Married to: “I met Jennifer McKnight at Iguana and we have a 6-year-old, Jonas Riley.”

People don’t know: “I like to rush home at night instead of going out.”

Special talents: “I am a pretty good artist and I can juggle.”

People said you looked like: “As a kid, Jean-Claude Van Damme, but without the muscles.”

Your own signature dish would be:

“Braised short ribs over jalapeño cream polenta, finished off with a sweet pineapple glaze.”

Inspired by: “The late Chip Sears and by growing up in Las Vegas eating in really fancy restaurants, because my dad was a blackjack dealer at the Golden Nugget and The Mirage. Lots of comps.”
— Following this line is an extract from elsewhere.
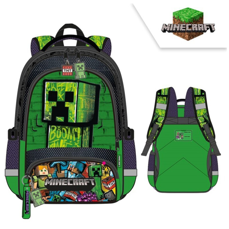 Batoh je inšpirovaný pixelovaným svetom Minecraftu. Je mäkký na dotyk a má lesklú povrchovú úpravu. Usporiadajte si výbavu ako profesionál: 1 veľký hlavný priestor na knihy alebo notebook, 2 ďalšie vrecká na cennosti, 2 bočné vrecká ideálne na vodu. Zipsy so silikónovými úchytkami s postavičkami z Minecraftu, popruhy s reflexnými prúžkami pre bezpečnosť po zotmení. Rozmery: 45x33,5 cm.

The moment you decided to become a chef: “In Las Vegas at the age of 12. And my grandmothers on both sides were good cooks.”

Never without: “My Food Lover’s Companion by Sharon Tyler Herbst.”

Funny happening: “A waiter took my keys and hid my car out back. I found it and then hid it from him. [It] went on for a couple of hours. He was already thinking how he was going to pay me back.”